Slide number shown as [1] etc after corresponding text
This talk is a signpost - a pointer to the road ahead, and a clear position to stimulate debate. [1]
At the outset of the UK e-Science programme, e-Science was defined (by John Taylor, Director General of the Research Councils), to be “... about global collaboration in key areas of science, and the next generation of infrastructure that will enable it”. It's interesting to note the contemporary definition given in Wikipedia: “Due to the complexity of the software and the backend infrastructural requirements, e-Science projects usually involve large teams managed and developed by research laboratories, large universities or governments.” So, are we there yet? [2]
What is e-science really, and how do we know when we have succeeded? Is it (1) when everyone is using the Grid, or (2) when there are routine scientific advances that would not have happened otherwise? I say (2), and more - not just advances happening sooner than they would have, but advances that would not have happened at all, such as can be achieved when scientists can ask completely new questions. Scientific outcomes are not just accelerated but new. [3]

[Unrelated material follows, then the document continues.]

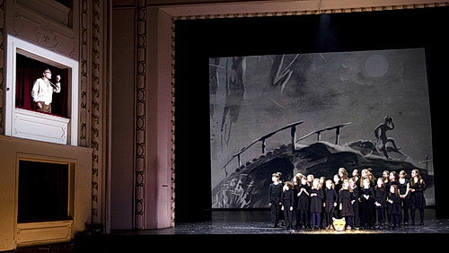 Aber zurück zur Gala:  Zwischen den Video­bei­trägen gibt es live-Einlagen, die alle Ensem­ble­gruppen zur Geltung bringt: Da ist der Chor der Fuchs­kinder aus der Oper Das schlaue Füchslein von Leoš Janáček, das Terzett Soave sia il Vento aus Mozarts Così fan tutte, ein Duett aus Liebe zu drei Orangen von Sergei Prokofjew. Neben den großar­tigen Video­bei­trägen wirken die echten Beiträge fast etwas blass und lassen einige spekta­kuläre Szenen wie das Ballett der Nasen aus der gleich­na­migen Oper von Dmitri Schost­a­ko­witsch vermissen.

This talk asks how we can move from heroic scientists doing heroic science with heroic infrastructure to everyday scientists doing science they couldn't do before. And not just scientists doing science but researchers in all disciplines, be they humanists, archaeologists, geographers or musicologists - to name but a few. You could say it's about the democratisation of e-Science. This is not to say there's anything wrong with the ‘grand challenge’ e-Science, it's just that we're exploring another piece of the picture. [4]
To understand this we must start with the scientists, and take a holistic view of the process of science - the scholarly knowledge cycle. e-Science has tended to focus on one part of the cycle, but even if all we want to do is accelerate science we need to look at this lifecycle and see how we might reduce the time to discovery by reducing the time to experiment. [5]
Between 19th October and 3rd November 2007 I attended six international meetings related to e-Science. On the plane on the way back, reflecting on my trip, I wrote an email with subject The New e-Science. This landed in people's mailboxes just as the UK was debating the next steps in e-Science and has served as a provocative position in that debate. The next few slides are the contents of that email... [6]
1.Everyday researchers doing everyday research Increasingly we're seeing advanced ICT techniques in the hands of researchers on an everyday basis - the many specialists rather than the few. Chemists are blogging the lab (not just the chemists but their instruments!) to create labbooks with reusable data and provenance records so that it can be interpreted and trusted. Scientists are exploiting the increasing power of the hardware on their desks, and working in an increasingly instrumented environment, interacting through everday devices from laptop to PDA to phone. [7]
2. A data-centric perspective, like researchers e-Science has long been motivated by the data deluge - data is increasingly large, rich, complex and real-time, and often generated locally. Furthermore there is tremendous new value in data, through new digital artefacts and through metadata e.g. context, provenance and workflows. This isn't to say that computation is not important, rather that many scientists are benefitting from interaction designed around data (think scholarly knowledge cycle). [8]
3. Collaborative and participatory The scientific process has always been collaborative and participatory - the process of publication, peer review, critique, reuse. Now we see the social process of science being revisited in the digital age, using collaborative tools such as blogs and Wikis. Significantly, e-Science increasingly focuses on publishing as well as consuming - it's not just about warehousing data. [9]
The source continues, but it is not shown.